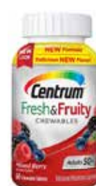
Multivitamin, Centrum Silver® Chewables † Item No. 1420
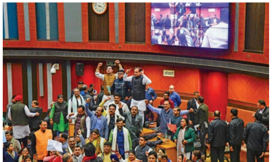
Delhi mayor Shelly Oberoi speaks as Opposition councillors protest inside the Municipal Corporation of Delhi at the Shyama Prasad Mukherjee Civic Centre in New Delhi on Wednesday.

The city BJP chief Virendra Sachdeva meanwhile said, everyday Ms Atishi spends time on defending the corruption of her government, if only she spends the same time on her administrative duties then water supply and sewage treatment in Delhi would improve.
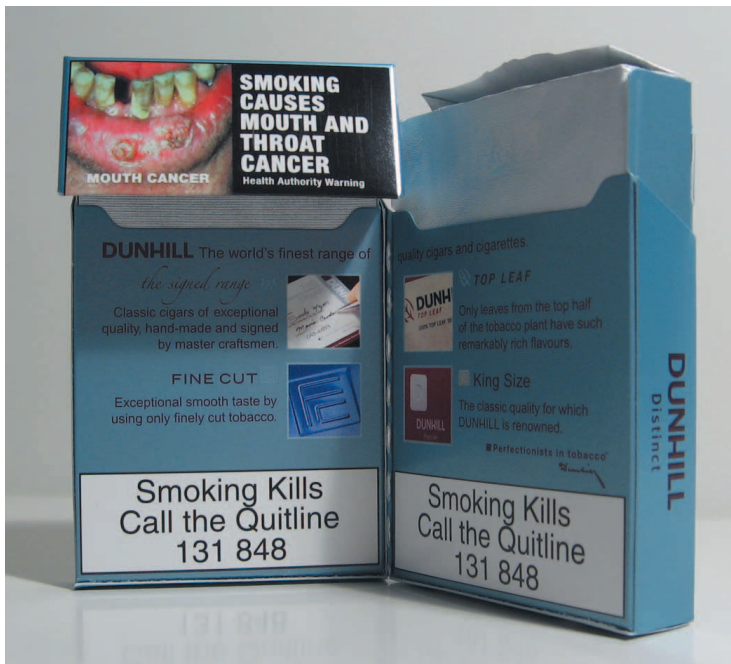
Figure 3 Split package of Dunhill cigarettes

Australia is a quintessential “dark market” where all tobacco advertising is banned. [56] Subtle changes to cigarette packs and trademarks were observed on both Benson & Hedges and Winfield cigarette packs during 2000-2002. [57] When researchers called the company to inquire about the changes, an employee said they were “playing with the logo because we can’t do any advertising anymore.” [57]
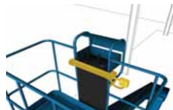
The SkySiren cuts lift functions and sounds an alarm if it senses excess pressure

Developed with Blue Sky over the past three years, it can reportedly be retro-fitted to most boom lifts in a matter of minutes. A longitudinal pressure sensitive rubber strip placed between the operator and the control panel cuts the boom lift functions immediately, in the event of excessive pressure while
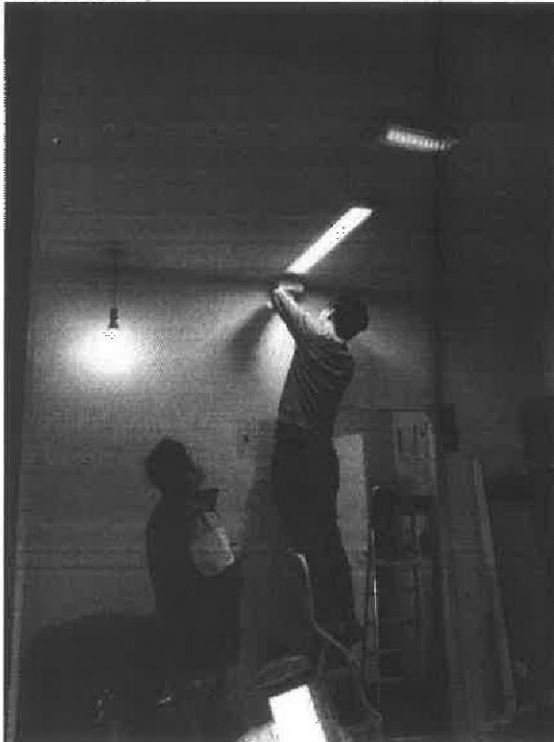
Volunteers donated the new LED lightings to the Centre and helped to install all the lightings for the Centre in Dec. 2021
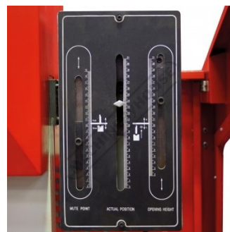
Adjustable Travel Limit Control
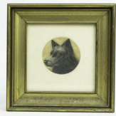
8034: FRENCH ENGRAVING OF A BLACK DOG BY JACQUES REBOUR
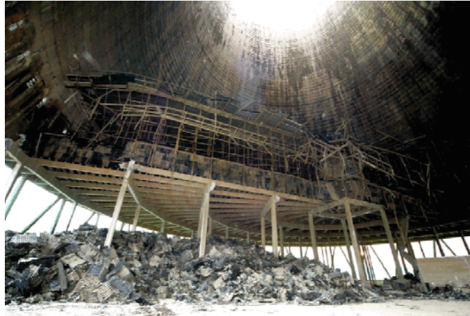
Towers showing various layers of internal structure

The tower internals consisted of concrete supporting columns and beams, timber framework supporting the plastic pack, and asbestos cement pipes.
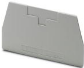
End cover, Length: 72 mm, Width: 2.2 mm, Height: 41.5 mm, Color: gray

Please be informed that the data shown in this PDF Document is generated from our Online Catalog. Please find the complete data in the user's documentation. Our General Terms of Use for Downloads are valid ( http://download.phoenixcontact.com )
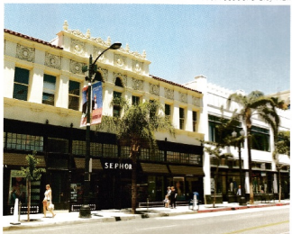
Many buildings in Old Pasadena reflect Spanish Colonial Revival Architecture.
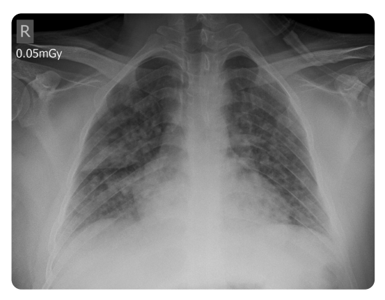
Figure 1. Initial chest X-ray. Alveolar occupation opacities, non-confluent, involving both lung fields.

A chest X-ray was taken with the finding of non-confluent alveolar opacities that compromised the patient, and a chest CT scan was performed, which showed multiple alveolar opacities of predominantly peri-bronchovascular occupation, of "patchy" distribution located in both lung fields, some surrounded by "ground-glass" halo, with a tendency to consolidation at the bases (Figure 2). The results of other paraclinical tests performed, HIV test, serial smear microscopy and respiratory panel (FilmArray) were negative. Two days after admission, the patient's symptoms improved significantly; the control chest X-ray showed almost complete resolution of the findings of the initial study (figure 3), so the clinical picture was considered compatible with high-altitude pulmonary edema.
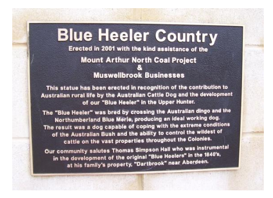
Caption on plinth

During 2001 a plinth was erected on Bridge Street on the north side of Hill Street (opposite Loxton House) to accommodate a large statue of a blue heeler cattle dog. The statue soon became a landmark in the town and a tourist attraction.
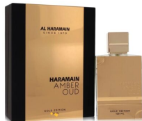
Haramain Amber R390.00 Oud Gold Edition By Al Haramain EDP 60ml (Dubai Replica Unisex)
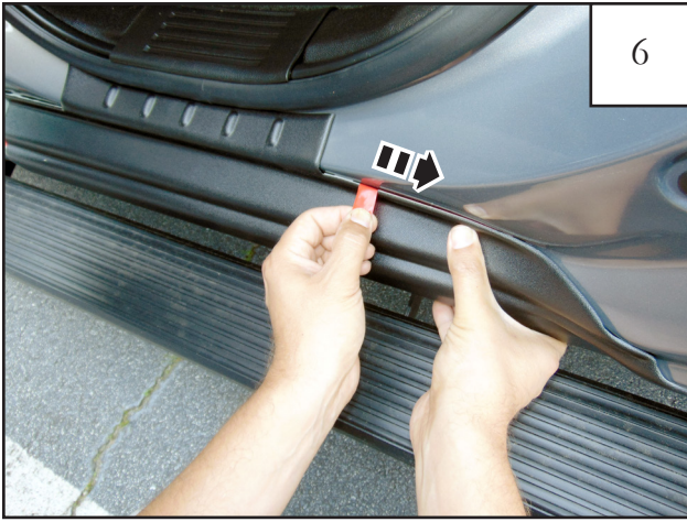
Pull tape liner tab 3.
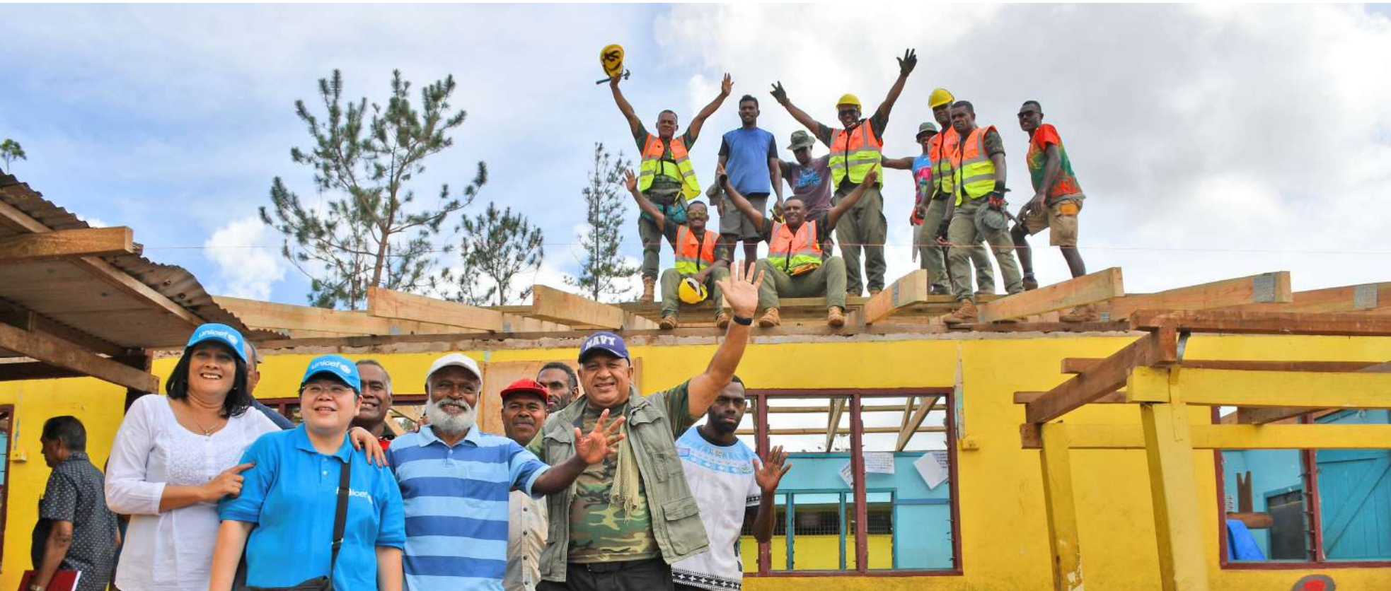
Prime Minister Voreqe Bainimarama during his visit to Cobo Sanatan Dharam Kalika Memorial School with the Minister for Education, Heritage and Arts Rosy Akbar and representatives from UNICEF Fiji to see first-hand rehabilitation works carried out by members of the Republic of the Fiji Military Forces (RFMF) at the Northern Division post Tropical Cyclone Yasa.

ture into 2021 learning process. Recently, 35 teachers have graduated with Diploma in Counseling and these teachers will be utilized to provide the much needed support. We do not wish to see that impact of pandemic and disaster is becoming a hindering factor in children’s learning path.
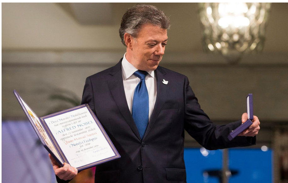
Colombian President Juan Manuel Santos (KU Class of 1973) accepts the Nobel Peace Prize in Oslo, Norway on December 10, 2016.
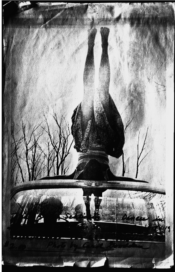
Poster for "Dances in and Around 80 Wooster Street." 1970.

Museet, Stockholm, featured Rauschenberg descending by a rope from the ceiling lights in one of the museum's galleries, which took him, as he performed various tasks, to the gallery's floor. Brown's 1970 use of 80 Wooster Street's façade and interior, as well as the street outside, extended a legacy of Fluxus "street events" presented in SoHo in the mid-1960s. 45
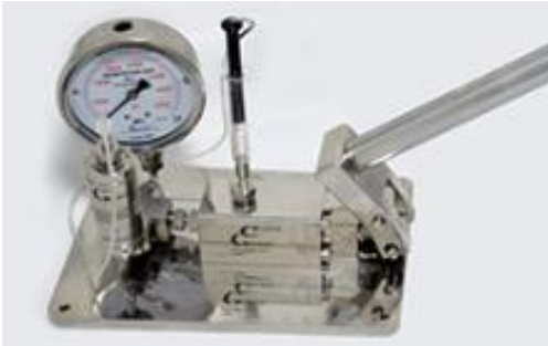
HandPump with Chamber
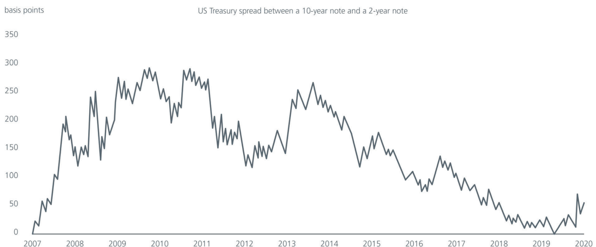
Fig 3: Yields have declined substantially since GFC

In our view, the unprecedented fiscal stimulus we have seen post COVID-19 can lead to binary outcomes. If the deficits sustain, the world will evolve more akin to post World War II with higher demand, higher inflation expectations, and steeper yield curves. Alternatively, if governments are forced to impose austerity measures once demand returns to normal, as with post GFC, then the era of low rates and low inflation will continue for the foreseeable future.
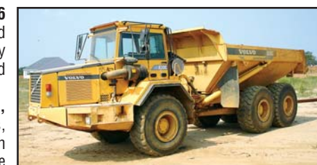
98 Volvo A30C 6x6

1998 VOLVO Model A30C, 30 Ton, 6x6 Articulated End Dump , s/n A30CV60066, Volvo diesel and powershift trans, air conditioning and 23.5R25 tires. In good condition with good tires. (Offered Subject To Creditor's Immediate Confirmation-Please Refer To Bankruptcy Notice On Rear Panel)
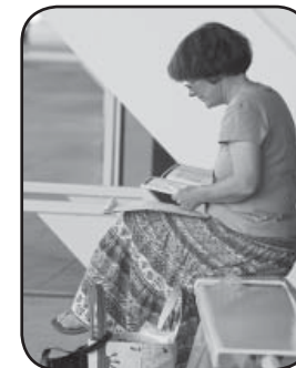
Commissioners stayed busy throughout the day studying materials.
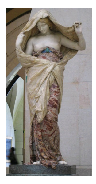
Sculpture by Barrias, Orsay Museum, Paris.
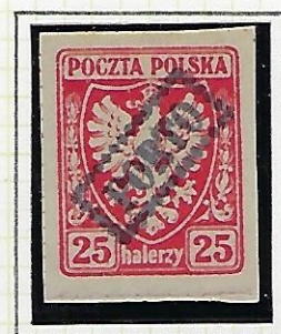
25h: carmine-vermilion (blue-tinted paper)
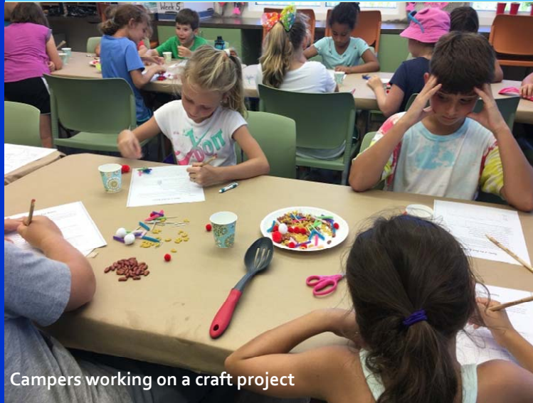
Campers working on a craft project

“Where did the summer go?” That’s what staff has been asking this week. This was the final week of Enviro Camp. This week’s theme was “Take Two!” which represents a week of all the fun-filled activities that were done throughout the summer.
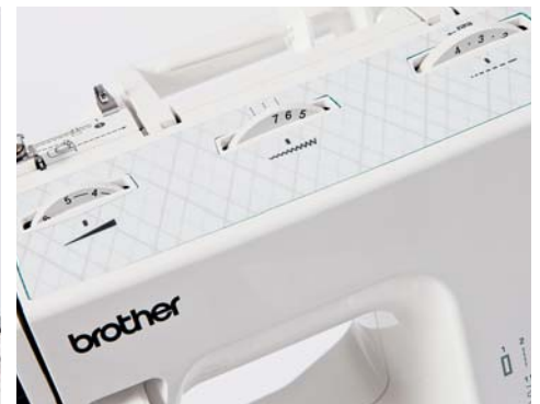
Stitch length and width adjustment

For more informations see your dealer or visit www.brothersewing.eu .
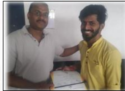
4 th Place
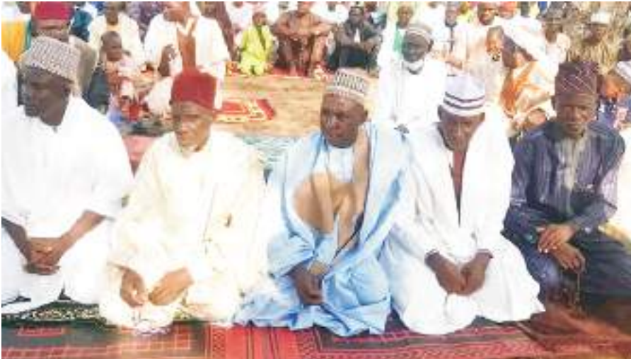
Another cross section of tittle holders and others in a prayer mood during the Eid-el Kabir
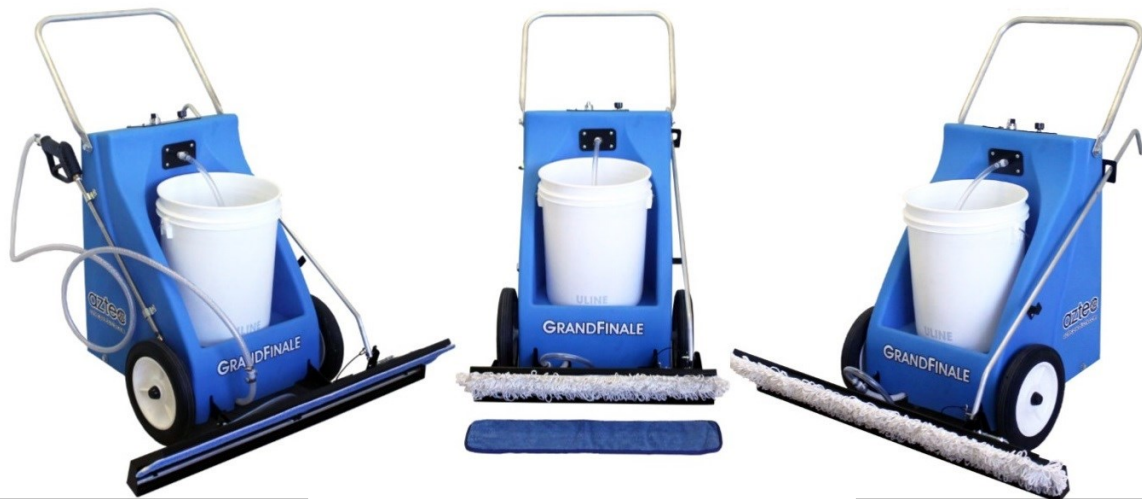
Spray Wand Upgrade: ID# 050-1S, 050-H-36

No puddles, dry spots or streaking thanks to the Grand Finale's battery powered precision release system. Step 5 in the WorkSmart™ VCT Strip System, or as part of the WorkSmart™ Maintenance System or the WorkSmart™ Concrete System. Optional spray wand upgrade.
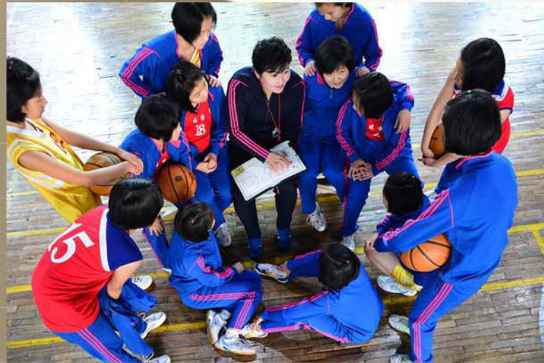
A tactical discussion is under way.

I WENT TO THE PYONG-lyang Indoor Stadium to see a women's basketball match, one of the events of the National Inter-Provincial Games 2018. The event was for basketball circles of juvenile sports schools in the country.
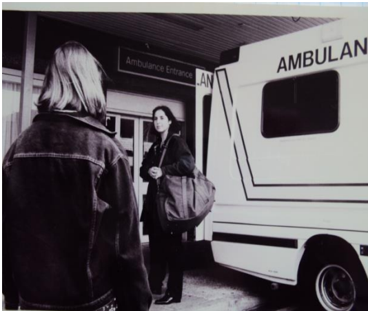
Mother Going Into Hospital
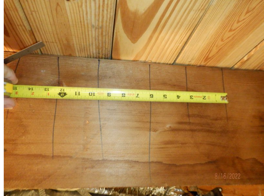
Dimensional Lumber/Tongue & Groove-2 nails per board
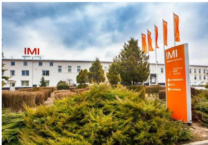
Figure 1 The view of IMI International Sp. z o.o. manufacturing plant located in Olkusz

As IMI Hydronic Engineering is a leading HVAC company with a valves montage plant located in Olkusz (Poland). Company is provider of technologies that deliver energy efficient water-based heating and cooling systems for the residential and commercial building sectors. Throughout the history, company have been at the forefront of HVAC industry innovation. The portfolio of brands has what is needed – a complete range of unique, industry-leading products and services. IMI Hydronic Engineering is a part of IMI PLC Group, listed on the London Stock Exchange on FTSE 100 list.
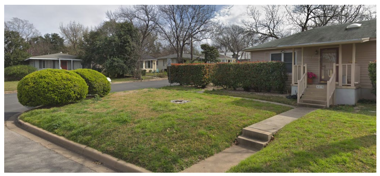
The subject house is at the right of this photo, taken February, 2019, looking towards the houses on W. 33^{rd} Street.
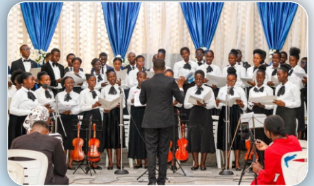
AFCF UI 2025 NRP
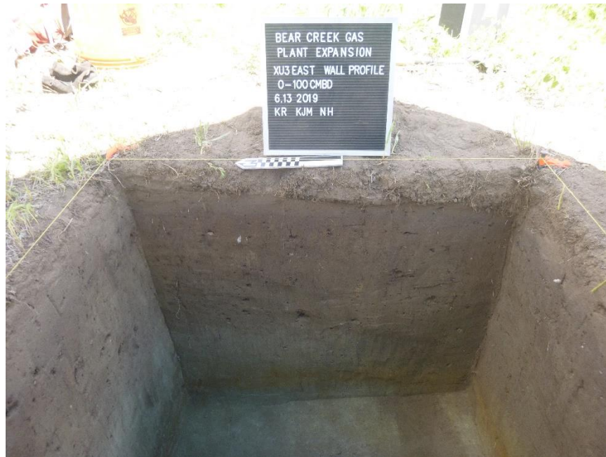
Photograph 8: East wall profile of XU3.

XU3 was placed on a gentle slope on the edge of a narrow drainage. The soil profile for this excavation unit consisted of a 20 to 30-centimeter-thick fine sandy loam plow zone underlain by a fine sandy loam B horizon which transitioned into a fine sand C horizon at approximately 60 cmbs (Photograph 8).
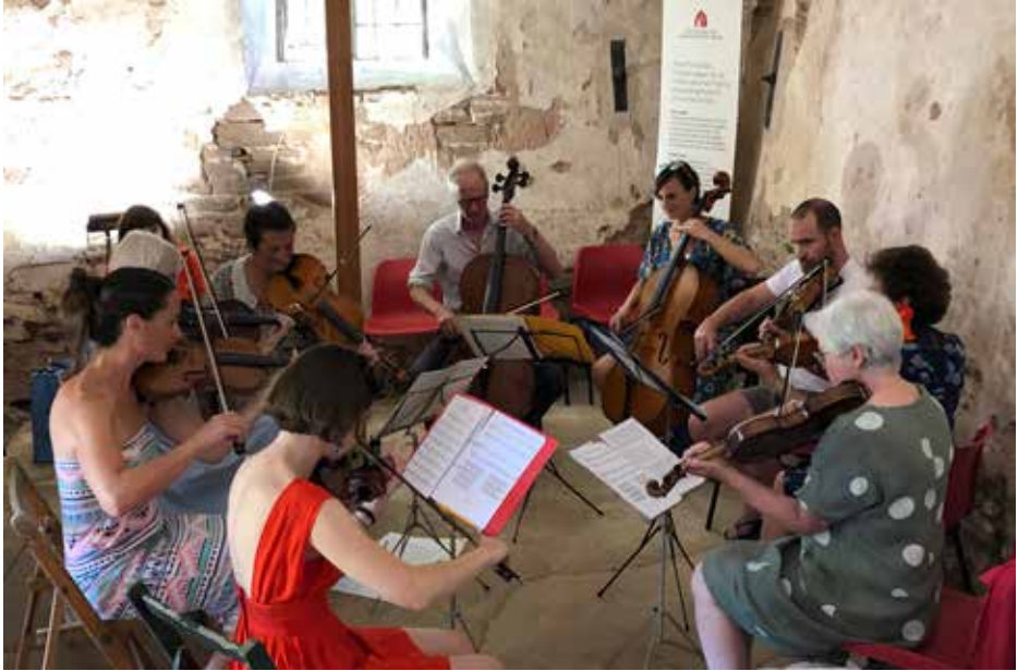
Musicians performing at the Annual Service of Celebration and Thanksgiving for the Life of Old St. Bartholomew's Church at Lower Sapey

▶ **TASK OBJECTIVE**: How many lines of the listing above contain the string "Wooster"? Only the number is wanted.

▶ **ANSWER AREA**: 2